Накануне отъезда в Париж, где Титженс собирался жениться, он сказал:
— Винни, дружище, теперь свадьба — единственный выход. Она обвела меня вокруг пальца.
И уже гораздо позже добавил:
— Черт возьми, а я ведь даже не знаю, мой ли это ребенок!
Последнее признание поразило Макмастера до глубины души — ребенку тогда было только семь месяцев, он часто болел, и неуклюжая нежность Титженса по отношению к сыну сама по себе казалась Макмастеру удивительной, даже когда он еще не слышал этих кошмарных слов; теперь же признание друга так сильно его ранило и привело в такой ужас, что он едва не счел эту новость личным оскорблением. Такими откровениями редко делятся с себе равными — разве что с адвокатами, врачами или со священниками, которые занимают особое положение. Так или иначе, подобные признания обычно высказываются для того, чтобы разжалобить ближнего, а Титженс однозначно не нуждался в сочувствии. Чуть позже он язвительно сказал:
— Она великодушно дает мне все основания для подозрений. И не только мне, но и Марчент. — Так звали старую няню Титженса.

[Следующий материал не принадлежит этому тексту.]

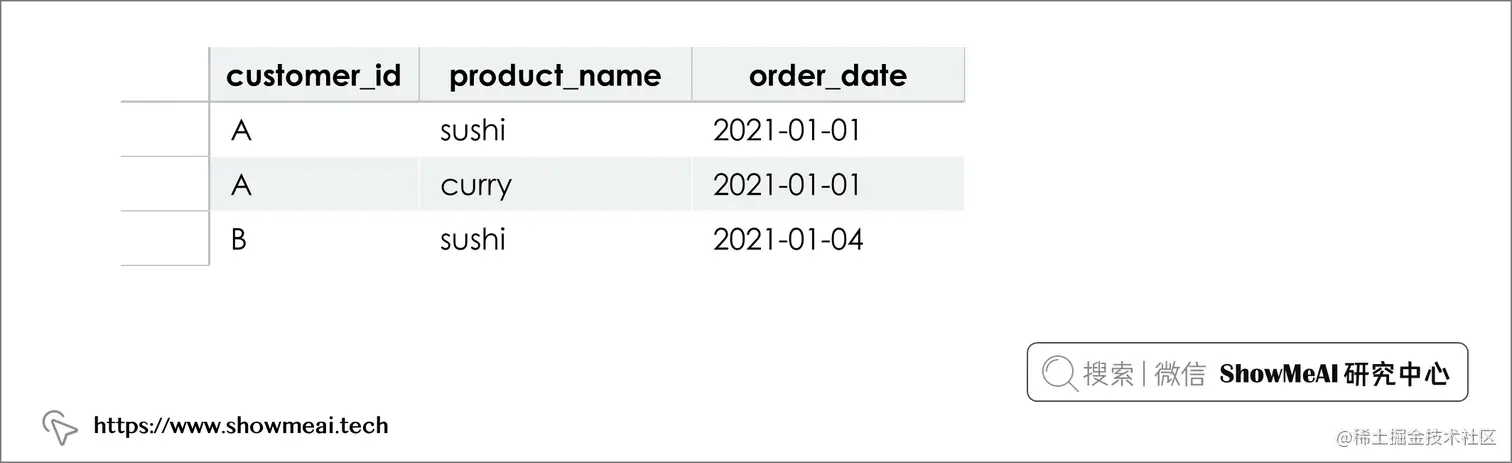 同上一个问题,我们需要用到所有 3 个表。要查询客户在成为会员之前购买的商品,订单日期需要小于加入日期。使用窗口函数通过对customer_id进行划分并按order_date对其进行排序,对第一个购买日期进行降序排列。最终的SQL如下:
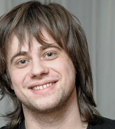 A hand holding a smartphone displaying a webpage titled 'Creating a Brand' with navigation options like Home, Discovery, Members, and Topics. The background is out of focus, providing a neutral setting.

Внезапно — словно на миг потеряв рассудок — Макмастер воскликнул:
— И все-таки это был настоящий поэт, напрасно ты с этим споришь!
Это замечание вырвалось у него невольно, когда в ярком освещении купе он вдруг заметил серебристо-белую прядь, упавшую на лоб, и круглое седое пятно над виском. Возможно, Титженс поседел уже давно, ведь бывает такое, что живешь с человеком рядом и не замечаешь перемен, происходящих с ним. Йоркширцы, румяные и светловолосые, часто седеют в юности; первые серебристые волоски появились у Титженса уже лет в четырнадцать; и это было особенно заметно на солнце, когда он снимал шляпу и кланялся. Но Макмастер с ужасом сделал вывод о том, что друг поседел из-за письма жены — всего за четыре часа! А это значило, что он страшно страдает и что его нужно во что бы то ни стало отвлечь.
Макмастер не успел как следует обдумать это свое предположение. По размышлении здравом он ни за что не стал бы сейчас заговаривать о знаменитом художнике и поэте.
— Что-то не припомню, чтобы я это оспаривал, — проговорил Титженс с упрямством, которое тут же передалось Макмастеру, и он продекламировал одно из стихотворений Россетти:
И вот со мною рядом ты,
Коснуться бы руки.
О, лучше б были мы с тобой
Безмерно далеки.
Так пусть теперь разлучит жизнь
Навек друг с другом нас:
Нет ничего больней, чем взгляд
Твоих любимых глаз.
— Не будешь же ты отрицать, что это поэзия. Великая поэзия, — проговорил он.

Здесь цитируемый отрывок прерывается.